The standard positive base $b$ square root algorithm is:
- Split the input digits into groups of two (such that the decimal point is one of the split points).
- Initialize $\mathit{remainder}$ to $0$ and $\mathit{output}$ to $0$.
- Append the next digit group to the end of $\mathit{remainder}$.
- Find the largest digit $d$ such that $(2 \cdot b \cdot \mathit{output} + d) \cdot d \le \mathit{remainder}$.
- Subtract $(2 \cdot b \cdot \mathit{output} + d) \cdot d$ from $\mathit{remainder}$.
- Append $d$ to $\mathit{output}$.
- While more digits are desired, repeat from step 3.
The reason this fails in a negative base is that step 4 is really looking for the first digit of the real-number solution to
$$\begin{align*}
(b \cdot \mathit{output} + x)^2 &= b^{2n} \cdot \mathit{input} \\
\iff (2 \cdot b \cdot \mathit{output} + x) \cdot x &= b^{2n} \cdot \mathit{input} - (b \cdot \mathit{output})^2,
\end{align*}$$
where $\mathit{remainder}$ is maintained as the integer part of the right side. A negative base presents four difficulties:
- Because we’re outputting one digit at a time, on any given iteration, output may be of either sign, which means that $(2 \cdot b \cdot \mathit{output} + x) \cdot x$ may be either increasing or decreasing in $x$.
- The first digit of $x$ may now be greater than $x$. The set of numbers starting with a digit $d$ is no longer $[d.000000\cdots, d.999999\cdots) = [d, d + 1)$, but rather $[d.909090\cdots, d.090909\cdots) = \left[d + \frac{b}{1 - b}, d + \frac{1}{1 - b}\right)$.

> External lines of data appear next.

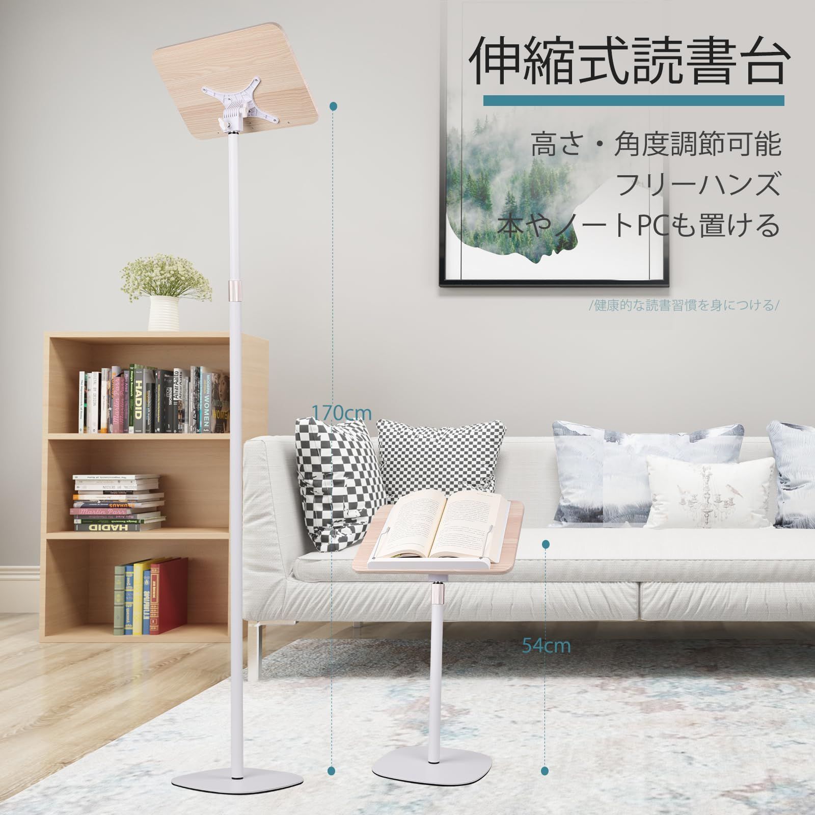 POLESTO 読書用ブックスタンド 54cm-170cm昇降式 サイドテーブル角度調整 金属構造 台座 しっかり安定性 木製パッド付き ノートパソコン、料理本、製図板、譜面台、タブレット用のハンズフリーホルダー(床置き伸縮型 ホワイト)
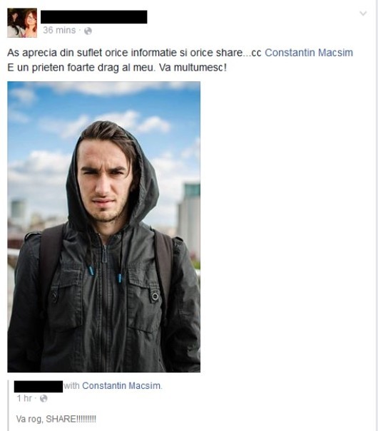 Pagina personală de Facebook a lui Constantin Macsim s-a împânzit de mesaje din partea zecilor de persoane care îl cunosc, îl iubesc şi aşteaptă măcar o veste despre băiat. Acesta a terminat Facultatea de Ştiinţe Politice a Universităţii „Alexandru Ioan Cuza“ din Iaşi, după care s-ar fi mutat în Bucureşti.
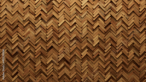 Wood Block Wall background. Mosaic Wallpaper with Light and Dark Timber Herringbone tile pattern. 3D Render
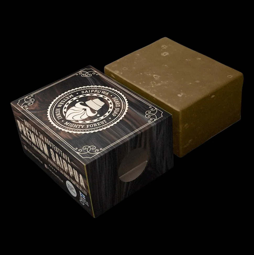 Kertakaikkiaan loistava palasaippua parran pesuun. Laadukkaat ainesosat kuten sheavoi, kookos- ja jojobaöljy tekevät parrasta pehmeän kertaheitolla. Näiden lisäksi mineraalipitoinen ja puhdistava himalajanvuorisuola hoitaa kuivaa ihoa joka pesun yhteydessä. Tuotetta voi käyttää myös kasvojen ja hiusten hoitavaan pesuun.
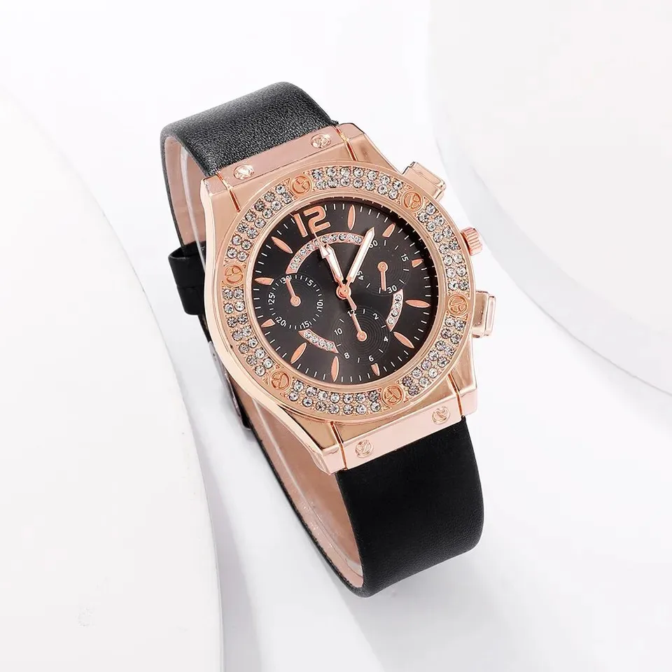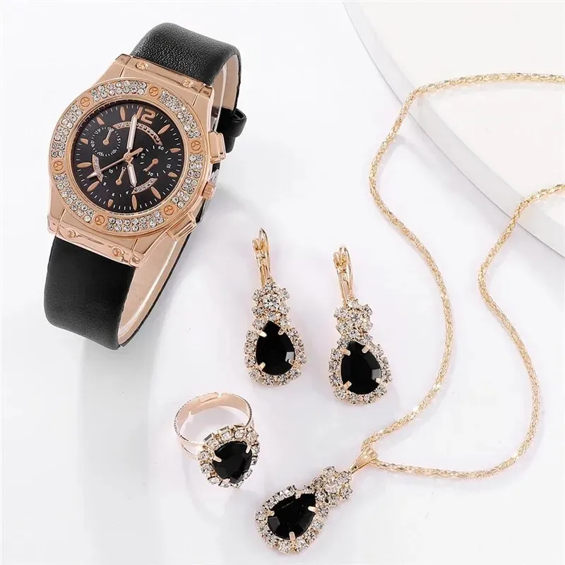 5 шт. набор часов для женщин кожаный ремешок женские часы простые повседневные женские аналоговые наручные часы браслет подарок Montre Femme
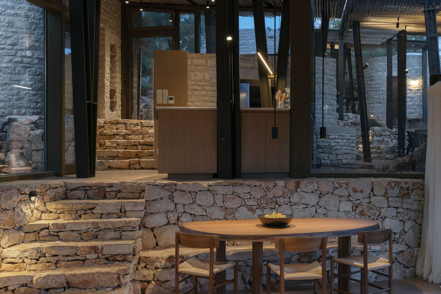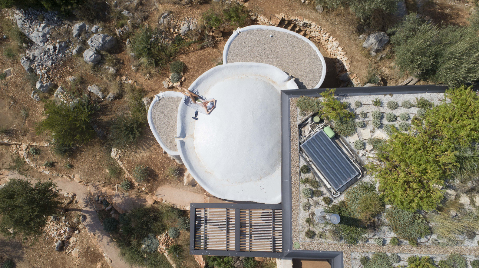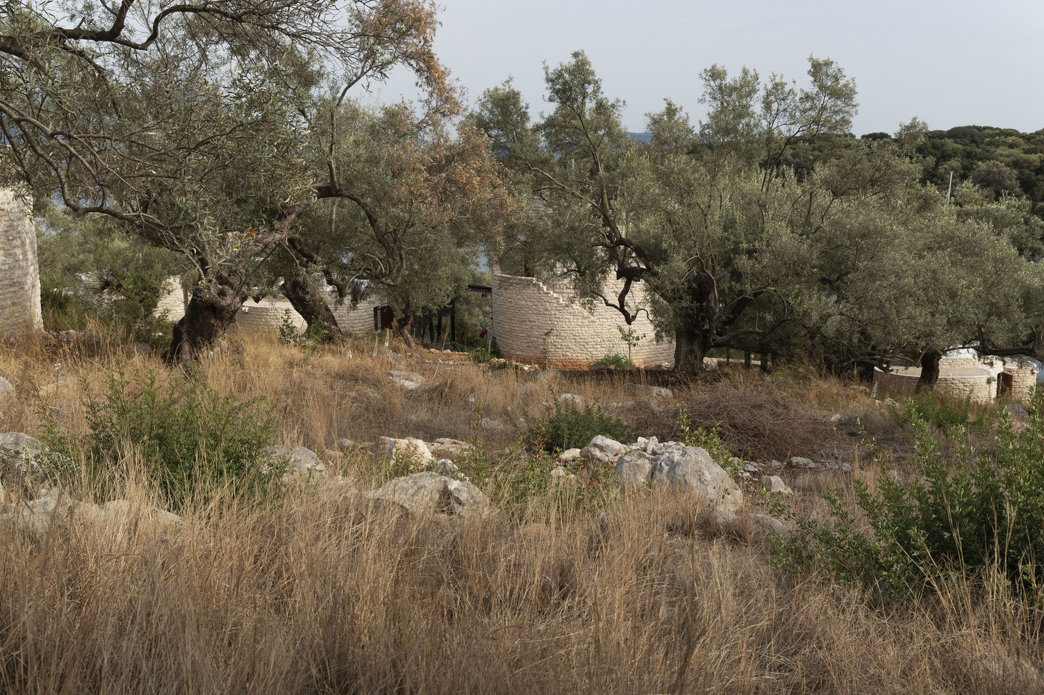 Cleverly conceived and executed, Meganisi House is located in Katomeri, Greece, and it is formed as a complex of scattered domed round volumes, and a square grid canopy that joins them together, amongst 42 existing olive trees on terraces retained by dry-stack walls (xerolithies). The design takes inspiration from the pastoral round stone dwellings seen in several places, among them in nearby Eglouvi, Lefkada, the stone volumes aim at conserving the terraced configuration of the ground.
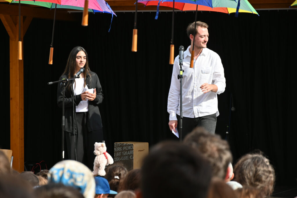Die Schülerin Ecrin Üstün und ihr Klassenlehrer Lukas Umbrecht führten durch das abwechslungsreiche, gut einstündige Programm, das die Schüler mit ihren Lehrern zusammen gestaltet hatten.
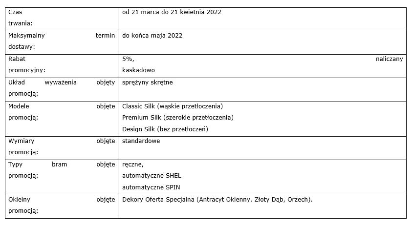 Prezentowana promocja dotyczy wymiarów standardowych trzech modeli bram garażowych 40 mm – Classic, Premium oraz Design, ze sprężynami skrętnymi i wszystkich konfiguracji obsługi - ręczna, automatyczna SHEL oraz automatyczna SPIN.
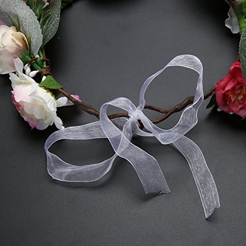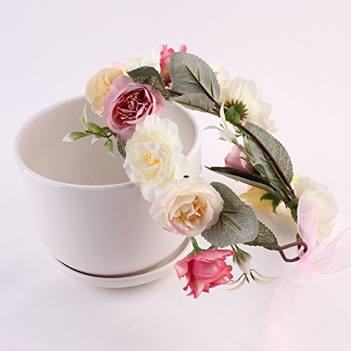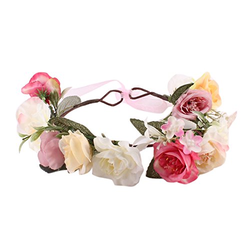 Domybest子供 花冠 フラワーヘアバンド ヘッドドレス ヘアアクセサリー 結婚式 ブライダル 子供用 髪飾り 女の子 キッズ 髪飾り 花かんむり ウェディング フラワー ヘッド 5色選べる (ピンク)

- For the same reason, we might sometimes need more than two input digits to produce one output digit: $\sqrt{02.9921_{-10}} = 1.09_{-10}$ starts with $1$, but $\sqrt{02.81_{-10}} = 2.9_{-10}$ starts with $2$.
- Without taking into account whether we’re outputting a digit of positive or negative place value, it’s easy to inadvertently produce the negative square root instead of the positive square root.

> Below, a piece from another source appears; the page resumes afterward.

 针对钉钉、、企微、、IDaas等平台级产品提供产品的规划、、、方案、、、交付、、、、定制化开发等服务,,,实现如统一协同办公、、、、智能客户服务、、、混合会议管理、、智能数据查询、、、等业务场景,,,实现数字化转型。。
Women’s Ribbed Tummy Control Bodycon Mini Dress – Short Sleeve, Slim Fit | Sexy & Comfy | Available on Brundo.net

One strategy for addressing these difficulties involves building $\mathit{remainder}$ from the digits of $\mathit{input} \cdot (1 - b)$ instead of $\mathit{input}$. The points at which the first digit of $x$ changes are described by $x = d + \frac{1}{1 - b}$:
$$\left(2 \cdot b \cdot \mathit{output} + d + \frac{1}{1 - b}\right) \cdot \left(d + \frac{1}{1 - b}\right) = b^{2n} \cdot \mathit{input} - (b \cdot \mathit{output})^2 \\
\begin{multline}
\iff (2 \cdot b \cdot \mathit{output} + d) \cdot d \cdot (1 - b) + 2 \cdot b \cdot \mathit{output} + 2 \cdot d + \frac{1}{1 - b} \\
= b^{2n} \cdot \mathit{input} \cdot (1 - b) - (b \cdot \mathit{output})^2 \cdot (1 - b).
\end{multline}$$
The pre-decimal part of the right side also changes here (since the right side equals an integer plus $\frac{1}{1 - b}$), so maintaining that pre-decimal part as $\mathit{remainder}$ guarantees sufficient precision to pin down the first digit of $x$ correctly.

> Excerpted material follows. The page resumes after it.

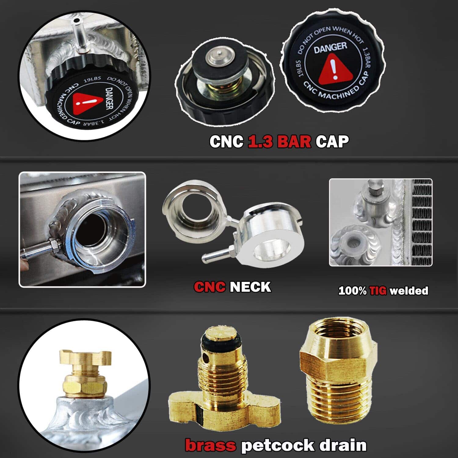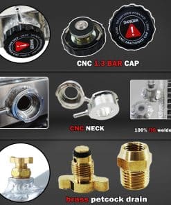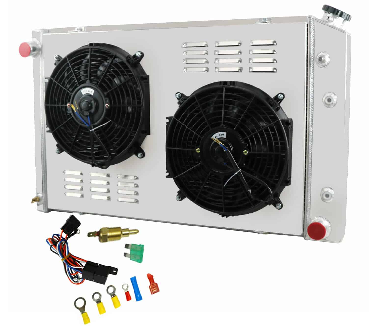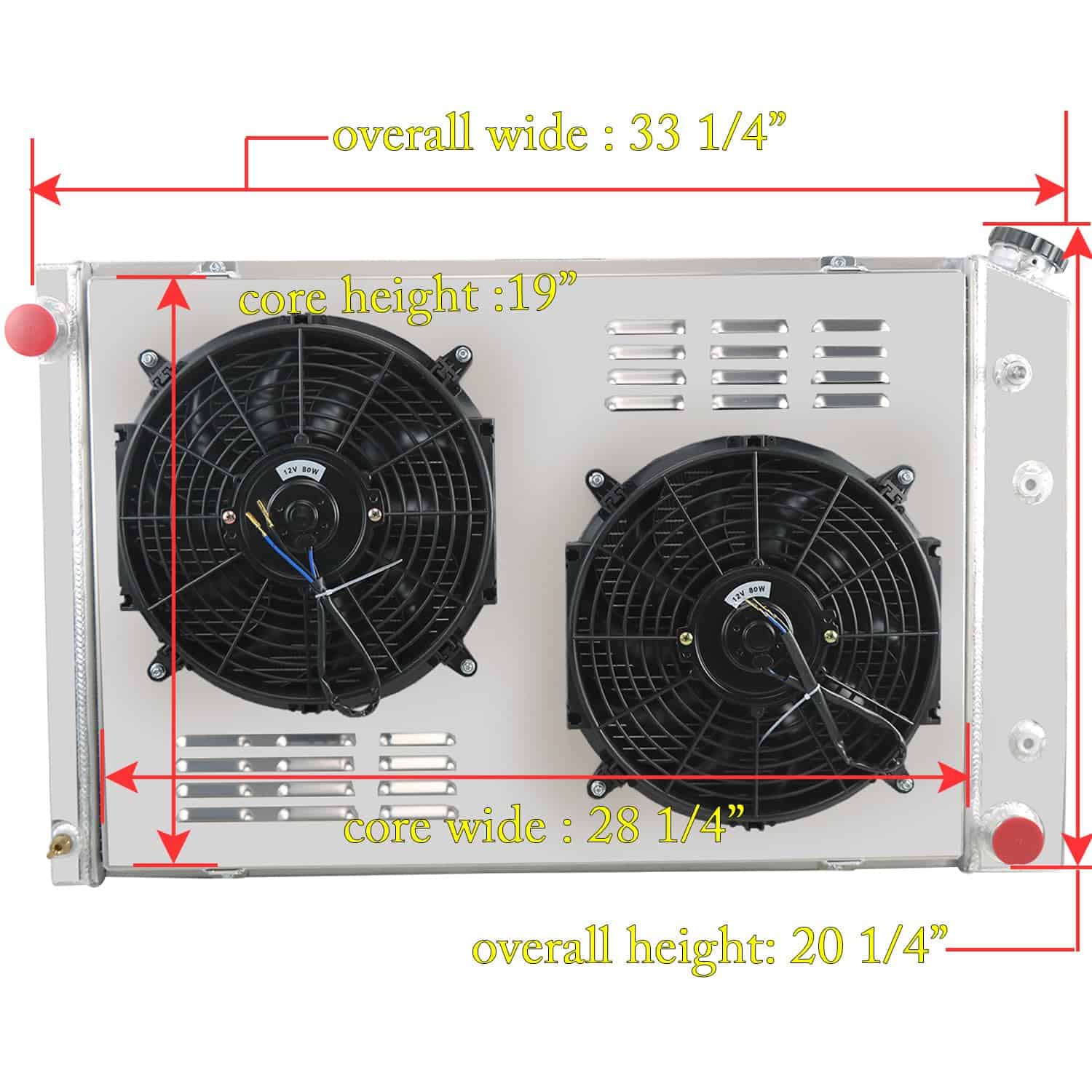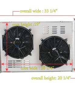 Paquete Incluye: 1 X Radiador de Aluminio AA5052 de 3 Filas 1 X Tapa de Radiador Mecanizada CNC 1 X Revestimiento de Aluminio AA5052 2 X Ventiladores de 12″ (Incluye kits de montaje) 1 X Kit de Relé de Termostato. Tamaño del Radiador: Especificaciones de Carreras de Alto Rendimiento. Diseño de Carreras de 3 Filas de Tubos. Válvula de drenaje de latón estilo OEM. Tamaño del Núcleo: 19″ alto x 28-1/4″ ancho. Tamaño total: 20-1/4″ alto x 33-1/4″ ancho. Entradas superiores: 1 1/2″ en el lado del conductor. Salidas inferiores: 1 1/2″ en el lado del pasajero. Transmisión: Automática y Manual. VENTILADORES: Voltaje: 12v. CFM máximo del Ventilador: 1730 cfm. Diámetro del Ventilador (in): 12.050. Espesor (in): 2.500. Número de Aspas: 10 aspas de tipo S. RPM máximo del Ventilador: 2,250 rpm. Material de la Aspa: Plástico. Consumo de Amperios: 12.70 amperios. Incluye las Pestañas de Montaje para una Fácil Instalación con Bridas. Instalación del Kit de Termostato: Ajuste universal para cualquier vehículo automotriz y ventilador eléctrico. Se activa conectando a tierra los ventiladores eléctricos a una temperatura preestablecida. Temperatura de Encendido a 180°F, Temperatura de Apagado a 165°F. La sonda se enrosca típicamente en el radiador, salida de agua o colector. Conexión ROJA directamente a la batería. Cable BLANCO a la fuente de energía del interruptor de encendido. El cable NEGRO va al interruptor de termostato. El cable AZUL va a los Ventiladores. Las ventajas de nuestro radiador: Hecho de aluminio de grado de aeronave AA5052 para una vida útil prolongada con acabado de aluminio crudo. Tecnología core technology para garantizar un rendimiento óptimo y confiabilidad. Todos los tanques y accesorios de aluminio AA5052 de 2 mm de espesor, garantizan que sea resistente y duradero. Cuello de llenado de aluminio billet CNC mecanizado resistente y duradero. Tapa mecanizada CNC con artesanía grabada, tratamiento anodizado. Válvula de drenaje de latón estilo OEM mucho mejor que otros de plástico. Cuidadosamente elaborado para cumplir con los estándares OE excepcionales para un ajuste preciso. Compatibilidad del Vehículo: Para 1990 Chevy Blazer / GMC V3500. Para Chevy C10 4.1L 4.8L 5.0L 5.7L 6.2L 6.6L 7.4L 1975 1979 1981 1983. Para Chevy C10 Suburban 1974 1975 1979 1985. Para Chevy C20 4.1L 4.3L 4.8L 5.0L 5.7L 6.2L 7.4L 1976 1980 1981 1982 1986. Para Chevy C20 Suburban 1974 1975 1979 1983. Para Chevy C30 1977 1982 1986. Para Chevy C30 Pickup 1974. Para Chevy K10 1978 1979 1982 1986. Para Chevy K10 Pickup/GMC P35/P3500 Van 1973. Para Chevy K10 Suburban 1979 1984. Para Chevy K20 1975 1979 1985. Para Chevy K20 Suburban 1974 1978 1982 1986. Para Chevy K30 1978 1984. Para Chevy K30 Pickup 1974. Para Chevy K5 Blazer 4.1L 5.0L 5.7L 6.6L 1979. Para Chevy P10 Van 4.1L 5.0L 5.7L 7.4L 1973. Para Chevy P20 1979 1983 1988. Para Chevy P30 1977 1981 1985 1993. Para Chevy P30 Van 1974.

Taking this all into account, we can update the algorithm for negative base $b$ as follows:
- Multiply the input by $1 - b$.
- Split the resulting digits into groups of two (such that the decimal point is one of the split points).
- Initialize $\mathit{remainder}$ to $0$ and $\mathit{output}$ to $0$.
- Append the next digit group to the end of $\mathit{remainder}$.
- If $\mathit{output} = 0$ and we’re outputting a digit of negative place value, set $d = 0$.
- Otherwise if $\mathit{output} \le 0$, find the smallest digit $d$ such that $$(2 \cdot b \cdot \mathit{output} + d) \cdot d \cdot (1 - b) + 2 \cdot b \cdot \mathit{output} + 2 \cdot d \ge \mathit{remainder}.$$
- Otherwise, find the smallest digit d such that $$(2 \cdot b \cdot \mathit{output} + d) \cdot d \cdot (1 - b) + 2 \cdot b \cdot \mathit{output} + 2 \cdot d < \mathit{remainder}.$$
- Subtract $(2 \cdot b \cdot \mathit{output} + d) \cdot d \cdot (1 - b)$ from $\mathit{remainder}$.
- Append $d$ to $\mathit{output}$.
- While more digits are desired, repeat from step 4.